In the wake of the mass shooting in Boulder on March 22, state legislators introduced a package of gun reform bills which have now passed through both chambers and await Gov. Polis’ signature.

SB 21-256 allows cities and counties to enact regulations on firearms that go beyond state and federal laws — Boulder had enacted an assault weapons ban in 2018, which was struck down by a court 10 days before the King Soopers shooting because of the state preemption laws this bill would repeal. If signed, this bill would allow local jurisdictions to prohibit people from carrying firearms into public buildings and specific areas, if they so choose.

HB 21-1298 expands background checks to prohibit the transfer of guns for five years to people with violent misdemeanor convictions. The bill would also require the Colorado Bureau of Investigations (CBI) to complete a background check before guns are transferred, and lengthens the time the CBI has (to 60 days) to resolve any appeals as a result of the background check process.

HB 21-1299 would create the Office of Gun Violence Prevention, which will oversee public awareness campaigns, help foster research and award grants for violence intervention programs. There are likely federal funds available for such work and the creation of an office to handle such efforts could help secure that funding.

Additionally, a perviously introduced bill, HB 21-1225, also passed and would tighten the procedures for getting firearms out of the hands of domestic violence offenders.

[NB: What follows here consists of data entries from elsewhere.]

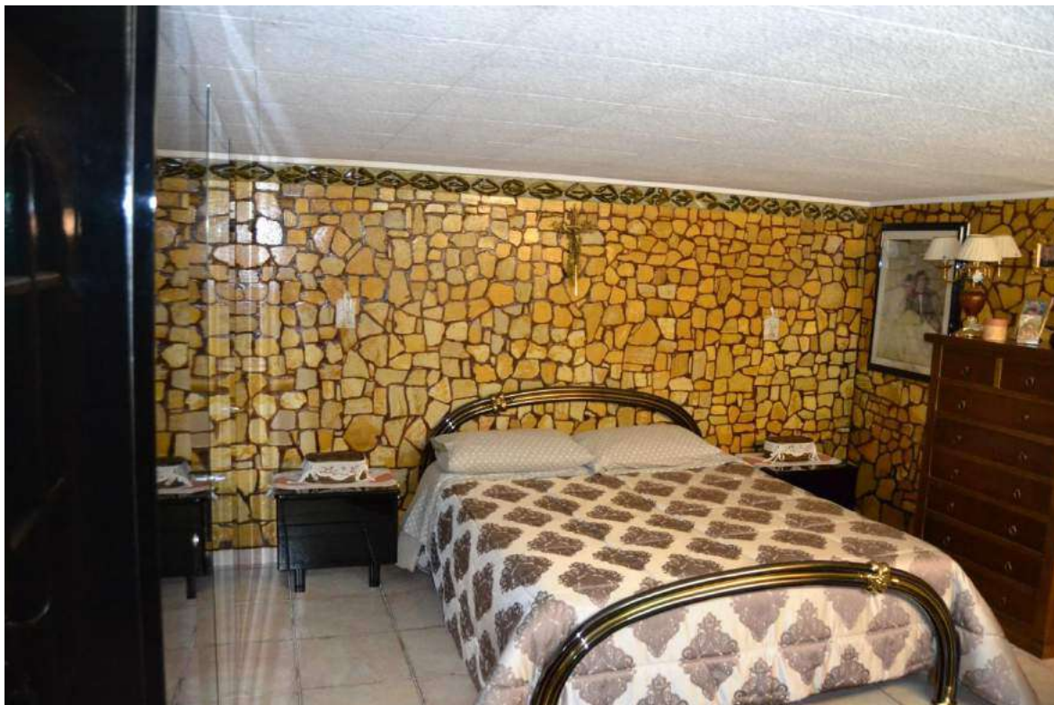
Imm. 13 Vista della camera da letto matrimoniale, con controsoffitto in cartongesso ruvido di colore bianco, pareti rivestite in pietra e finestra alta verso altra proprietà.
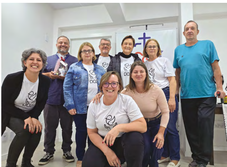
Equipe de Serviço de Dependência Química participou de capacitação sobre codependência

Trata-se de um quadro caracterizado por um distúrbio mental acompanhado de ansiedade, angústia e uma preocupação obsessiva com a vida do outro. O codependente deixa de viver sua própria história para girar em torno dos acontecimentos da vida de quem deseja "salvar". O ponto de alerta é que, em vez de auxiliar na recuperação, o codependente muitas vezes acaba sustentando o ciclo
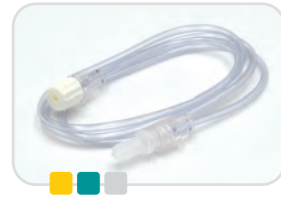
Art. No. 31 8081-100 ES 224/80 Línea de paciente
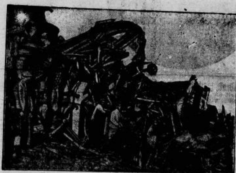
Ein furchtbares Eisenbahnunglück ereignete sich bei Madrigneras (Spanien), wo durch einen Zugzusammenstoß neun Personen getötet und mehr als 20 verletzt wurden. Das Trümmerhaud gibt ein anschauliches Bild von der furchtbaren Gewalt des Zusammenstoßes.
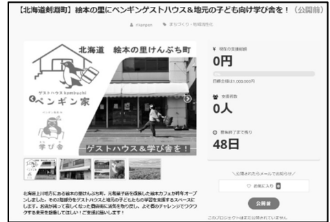
サイトHP (現在公開中です)

期間は8月31日まで。「クラウドファンディングなんてやり方がわからない」という方には、ノールに募金箱を設置しておりますので、よろしければそちらにご支援お願いします。
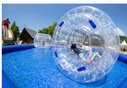
子供がはしゃぐキッズパーク
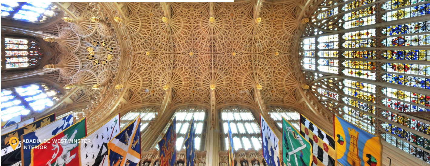
ABADIA DE WESTMINSTER INTERIOR
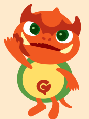
「映画のまち調布」 応援キャラクター ガチャラ ©角川大映スタジオ

「映画のまち調布 シネマフェスティバル2024」の上映作品と各賞のノミネート作品を決定します。 期 9月3日(日)まで 対 市内在住・在勤・在学の方、イオンシネマシアタス調布の来場者 対象作品/令和4年9月1日～令和5年8月31日(日)に国内の商業映画劇場で、有料で初公開された日本映画 投票方法/インターネット投票、投票箱設置会場(市役所、文化会館たづくり、グリーンホールほか)で投票用紙による投票 他 詳細はHP「映画のまち調布シネマフェスティバル」参照 問 (公財)調布市文化・コミュニティ振興財団 ☎441-6150 (文化生涯学習課)
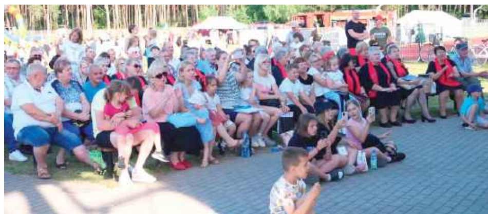
Mieszkańcy czekają na wakacyjne pikniki - jest to szansa na spotkanie w większym gronie i zaznanie rozrywki na świeżym powietrzu

W czwartkowe popołudnie, 26 czerwca na terenie GOSiR w Krzywdzie odbyło się wydarzenie zaplanowane przez wójta gminy, Gminną Bibliotekę Publiczną, Koło Gospodyń Wiejskich, OSP Krzywda oraz LKS Unia Krzywda.
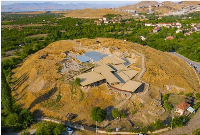
Resim 1: Arslantepe Höyüğü Kuşbakışı Görünüş

4,5 hektarlık alana sahip Arslantepe Höyüğü, Fırat Nehrinin 15 km batısında, yeşil alanların çevrelediği, 30 metrelik yükseklikte, arkeolojik yerleşimdir. Tepe noktasından Battalgazi ilçesi seyredilebilmektedir. 1932 yılında başlatılan kazı çalışmaları 1963 yılına kadar aralıklarla devam edip, 1963'den sonra ise aralıksız olarak Roma La Sapienza Üniversitesi tarafından, Kültür ve Turizm Bakanlığı izin ve desteğiyle devam etmektedir.
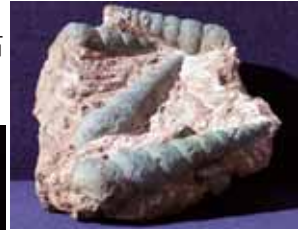
巻貝の化石 海緑(かいりょく)石
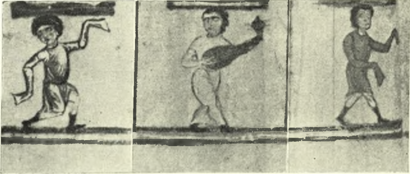
Εἰκ. 14. Χορευταὶ μαζρὰς φέροντας χειρίδας και μουσικὸς. Ἐκ χ. Εὐαγγελίου 450 (φ. 3β) τῆς ἐν Βενετίᾳ Μαρκιανῆς βιβλιοθήκης. (Α. Ξυγγοπούλου, Σαλώμη, Ἐπειτ. Ἐταιρ. Βυζ. Σπουδ. 1Β'. 272).

Περὶ τοῦ κατὰ τὸν χορὸν ψόφου τοῦ κυμβάλου ὁμίλησεν ὁ Λουκία-
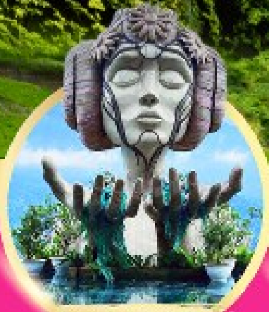
โมอาน่า ซาปา คาเฟ่
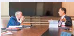
オハイオ州知事と知事の会談（6年度）
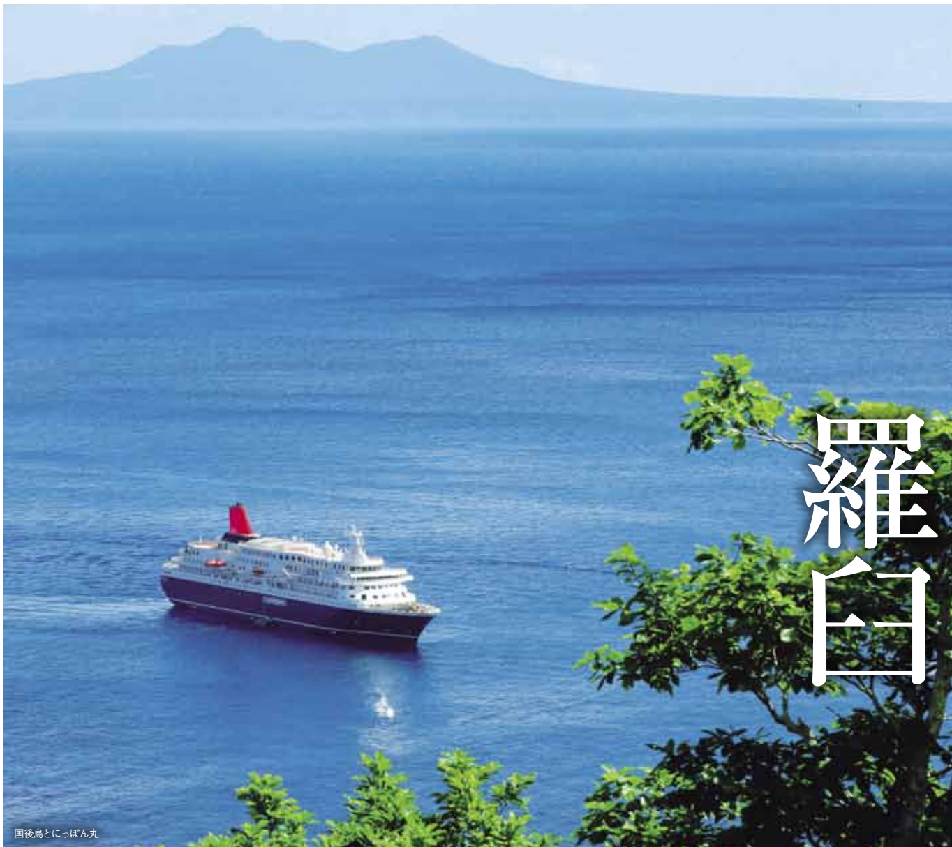
国後島とっぽん丸
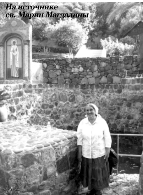
На источнике св. Марии Магдалины

– Я думаю, да. Хотелось бы. Потому что впереди ещё много работы. Беседовала Юлия БЕЛКИНА.
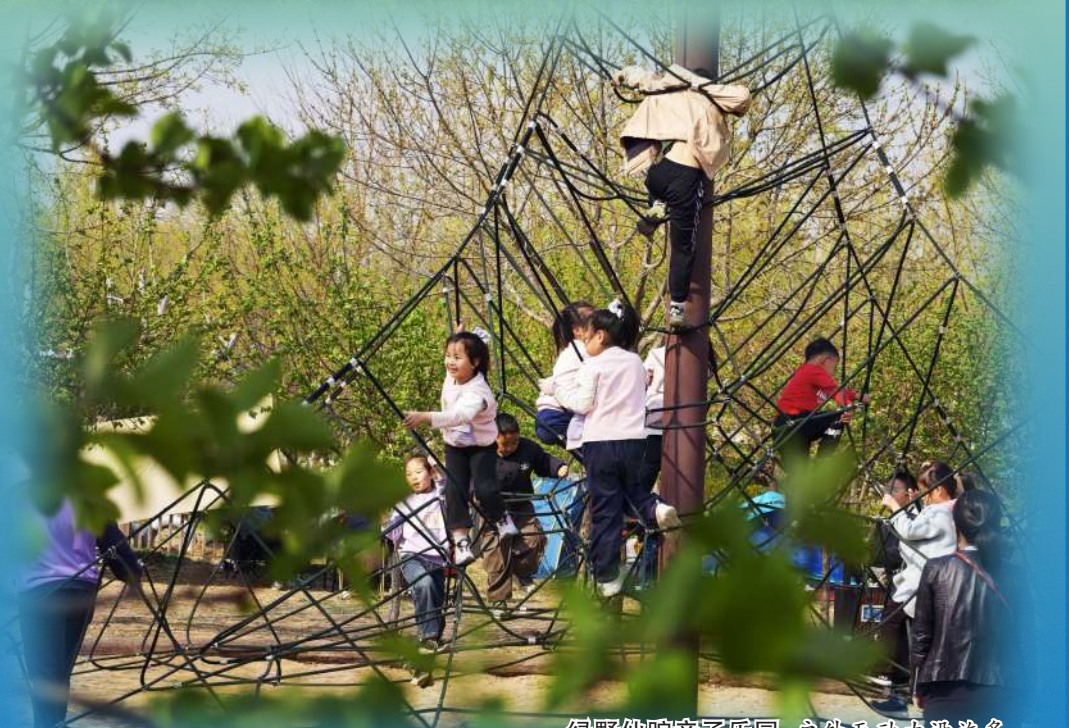
绿野仙踪亲子乐园:户外互动设施多,萌宠萌宠玩嗨,适合亲子放电。
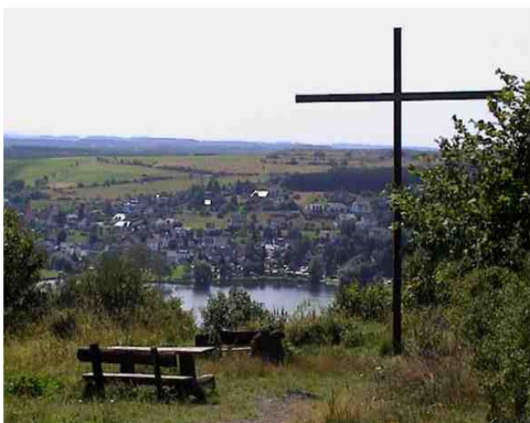
Maarkreuz und Schalkenmehrener Maar
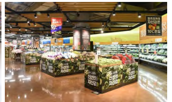
[그림 7] 대형마트 신선식품 매대 사례

- 패키지 디자인에 있어서도 경쟁관계에 있는 마트의 신선식품 포장을 분석하여 경쟁력있는 VMD 개념의 디스플레이를 고려해야 함.
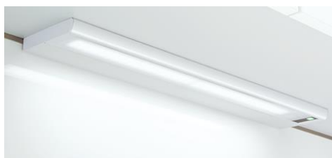
キッチン棚下灯の例

直管蛍光灯ランプを直管LEDランプに交換する場合は複雑な電気系統の適合を確認しないと発煙や火災の原因となる可能性がありますので、直管蛍光灯ランプは直管LEDランプに交換しないでください。
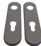
Embellecedor doble RF con bombín. Ref. EDRFCB
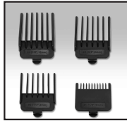
Combs and Hair Length Adjustments
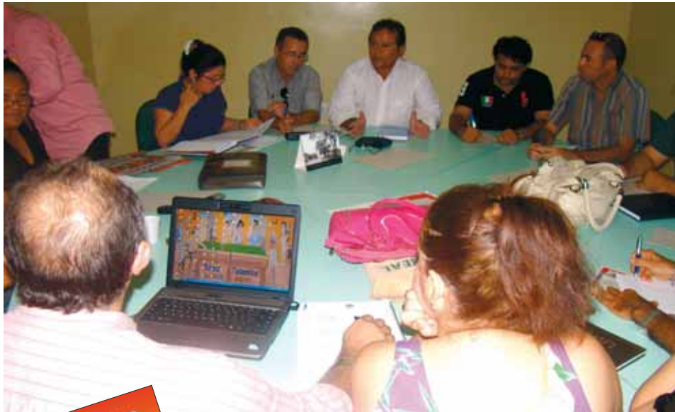
Reunião de diretoria do MOVA-SE: após visita aos órgãos, o colegiado se reúne para formar a proposta de reivindicações para o FUASPEC
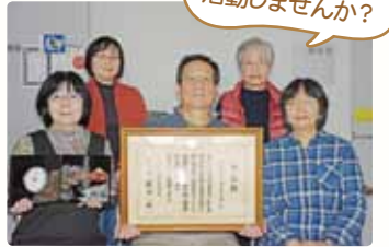
私たちと一緒に活動しませんか？

音訊の会さざなみからのお知らせ 一緒に活動する会員と声の広報の利用者を募集しています。 ☎ ボランティアセンター ☎(57)0294
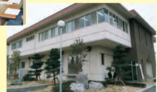
▲新し尿処理場・江津浄化センターが完成
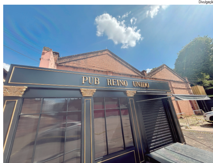
Pub traz o melhor da gastronomia britânica e shows com dez bandas ao vivo ao longo do evento

Os visitantes também podem provar um cardápio de doces como Banoffee (sobremesa inglesa à base de banana e doce de leite); Trifle de
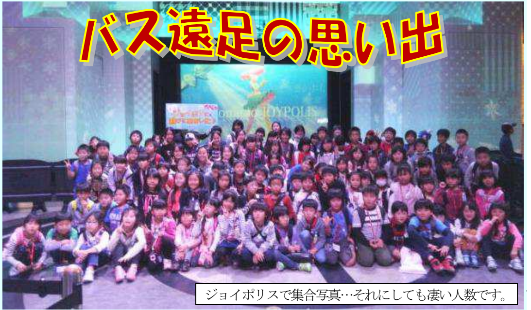
ジョイポリスで集合写真…それにしても凄い人数です。
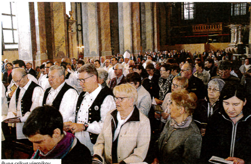
Puna crikva vjernikov

For more info on the bills, see “The tide has turned,” News, May 13.

A sign that the COVID end is near?

Boulder County announced this week that it would ramp down COVID-19 testing sites. As vaccinations have gone up, the need for regular testing sites has gone down, the County says, adding that anyone who is symptomatic should still seek out testing.

Testing at the Boulder County Fairgrounds ended on June 9, and testing at the St. Vrain Valley Schools Innovation Center will cease on June 18. The testing at Stazio Ballfields in Boulder will run through the summer, until Sept. 30, and testing in shelters will continue on a month-to-month basis.

If there are outbreaks, County health officials have mobile teams that are ready to engage specific communities. And the County will continue coordination efforts with schools, summer camps and CU through the fall.

Only five new cases were reported on June 8 in Boulder County; the seven-day average was only eight cases.